*** Begin section ***

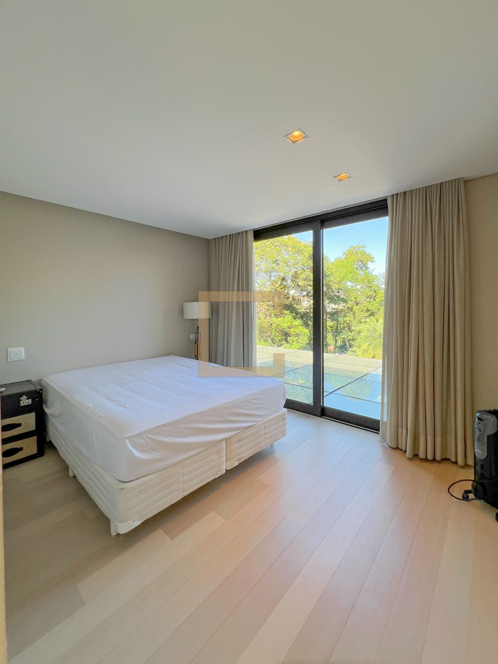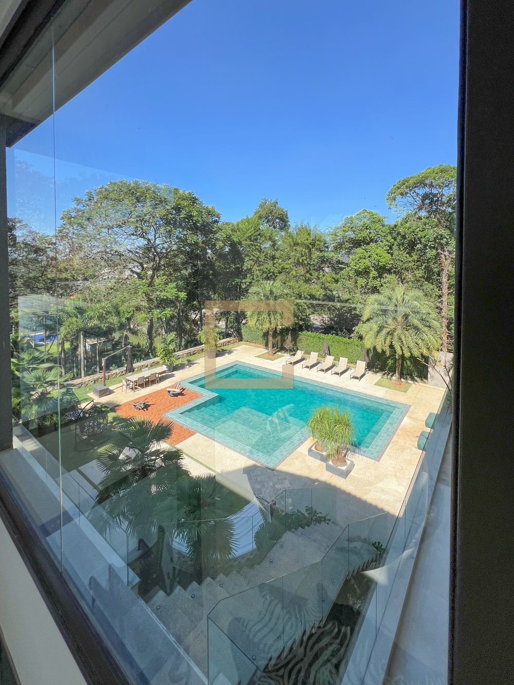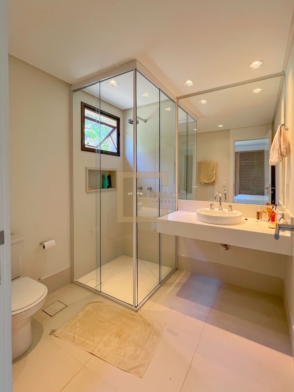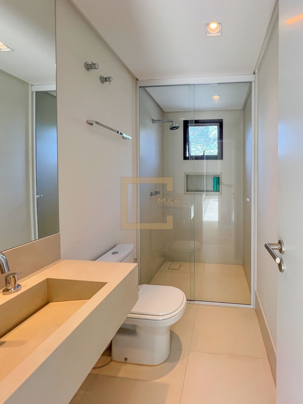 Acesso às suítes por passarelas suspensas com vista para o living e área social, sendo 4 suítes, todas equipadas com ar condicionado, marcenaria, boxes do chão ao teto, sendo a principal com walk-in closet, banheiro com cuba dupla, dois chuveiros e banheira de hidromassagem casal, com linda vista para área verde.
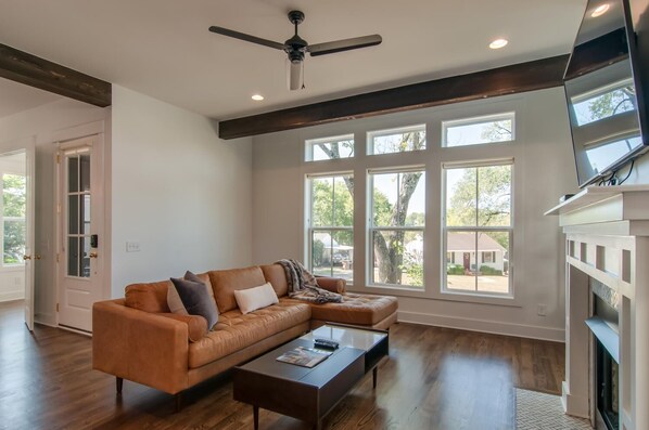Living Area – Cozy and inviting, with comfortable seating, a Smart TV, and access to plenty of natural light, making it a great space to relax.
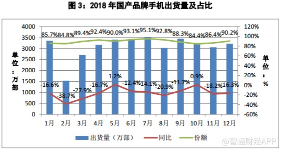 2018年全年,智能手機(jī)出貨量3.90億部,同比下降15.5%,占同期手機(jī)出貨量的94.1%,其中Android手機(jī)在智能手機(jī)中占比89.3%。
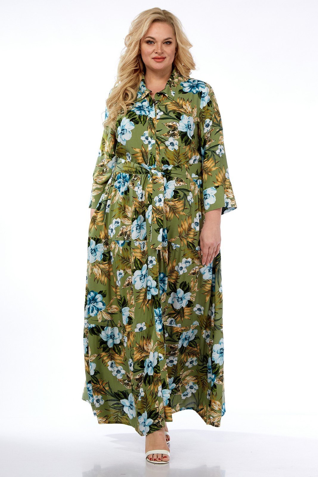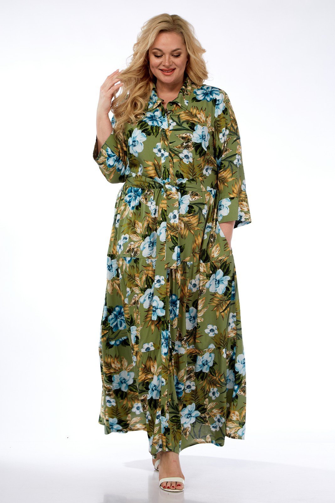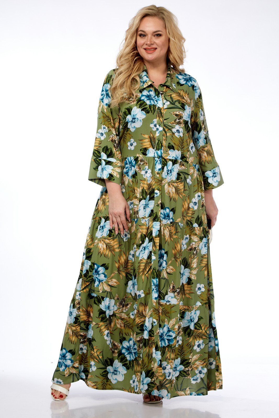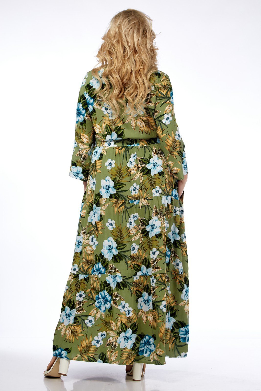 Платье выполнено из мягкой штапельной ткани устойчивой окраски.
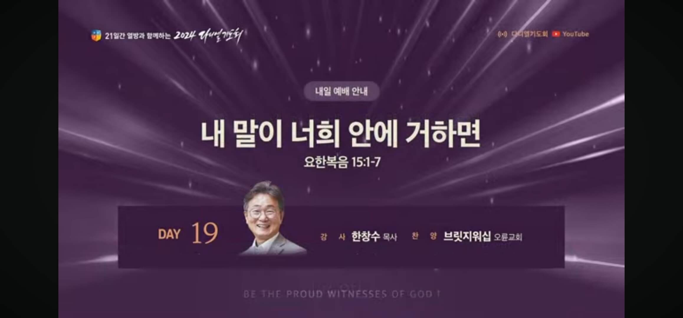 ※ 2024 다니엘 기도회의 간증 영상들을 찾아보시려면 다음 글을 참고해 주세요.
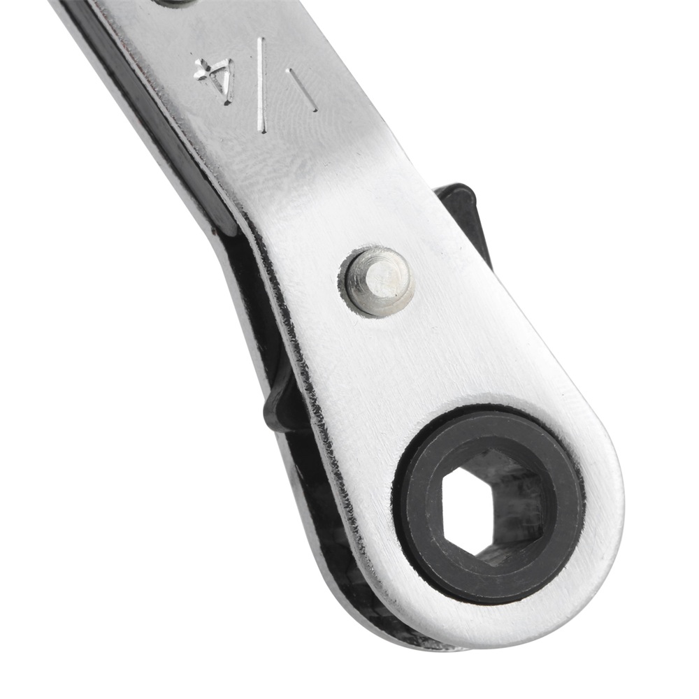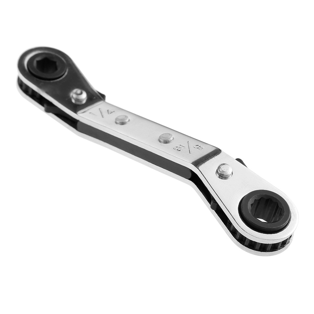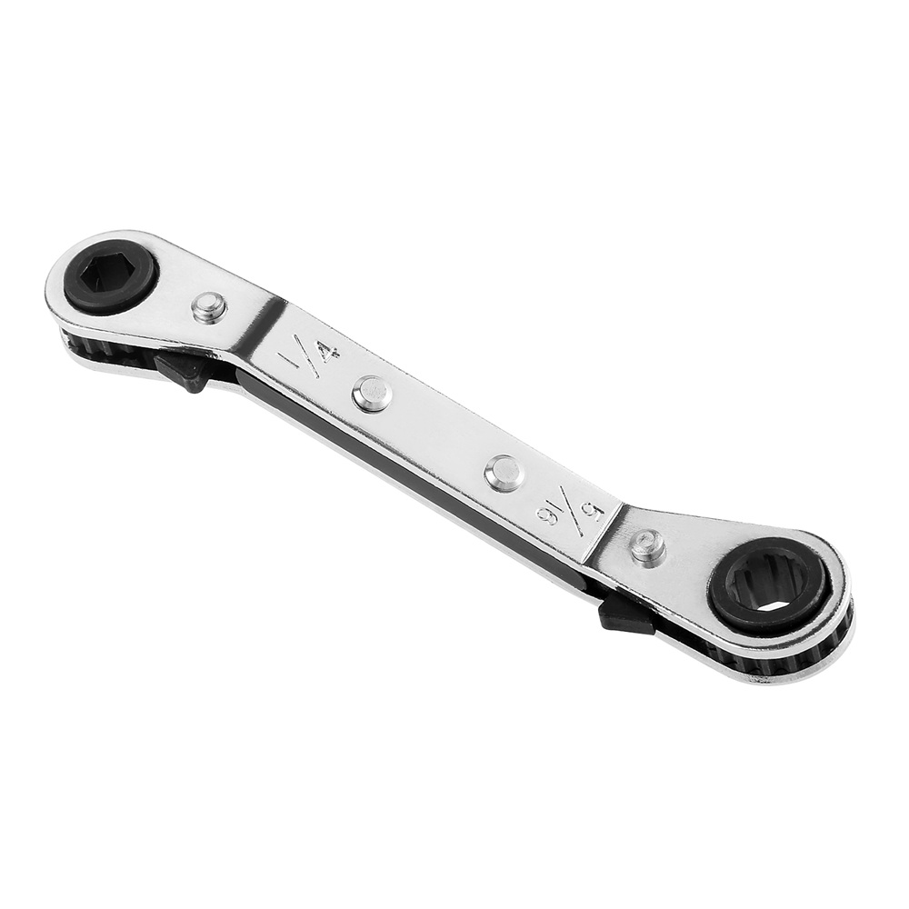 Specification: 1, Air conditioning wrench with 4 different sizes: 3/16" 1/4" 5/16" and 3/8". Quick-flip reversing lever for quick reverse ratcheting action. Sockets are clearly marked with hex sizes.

*** End section ***

**TASK INSTRUCTIONS**
Please output all the data exactly as given, with the pictures omitted.

**PROBLEM SOLUTION**
 Acesso às suítes por passarelas suspensas com vista para o living e área social, sendo 4 suítes, todas equipadas com ar condicionado, marcenaria, boxes do chão ao teto, sendo a principal com walk-in closet, banheiro com cuba dupla, dois chuveiros e banheira de hidromassagem casal, com linda vista para área verde.
Living Area – Cozy and inviting, with comfortable seating, a Smart TV, and access to plenty of natural light, making it a great space to relax.
 2018年全年,智能手機(jī)出貨量3.90億部,同比下降15.5%,占同期手機(jī)出貨量的94.1%,其中Android手機(jī)在智能手機(jī)中占比89.3%。
 Платье выполнено из мягкой штапельной ткани устойчивой окраски.
 ※ 2024 다니엘 기도회의 간증 영상들을 찾아보시려면 다음 글을 참고해 주세요.
 Specification: 1, Air conditioning wrench with 4 different sizes: 3/16" 1/4" 5/16" and 3/8". Quick-flip reversing lever for quick reverse ratcheting action. Sockets are clearly marked with hex sizes.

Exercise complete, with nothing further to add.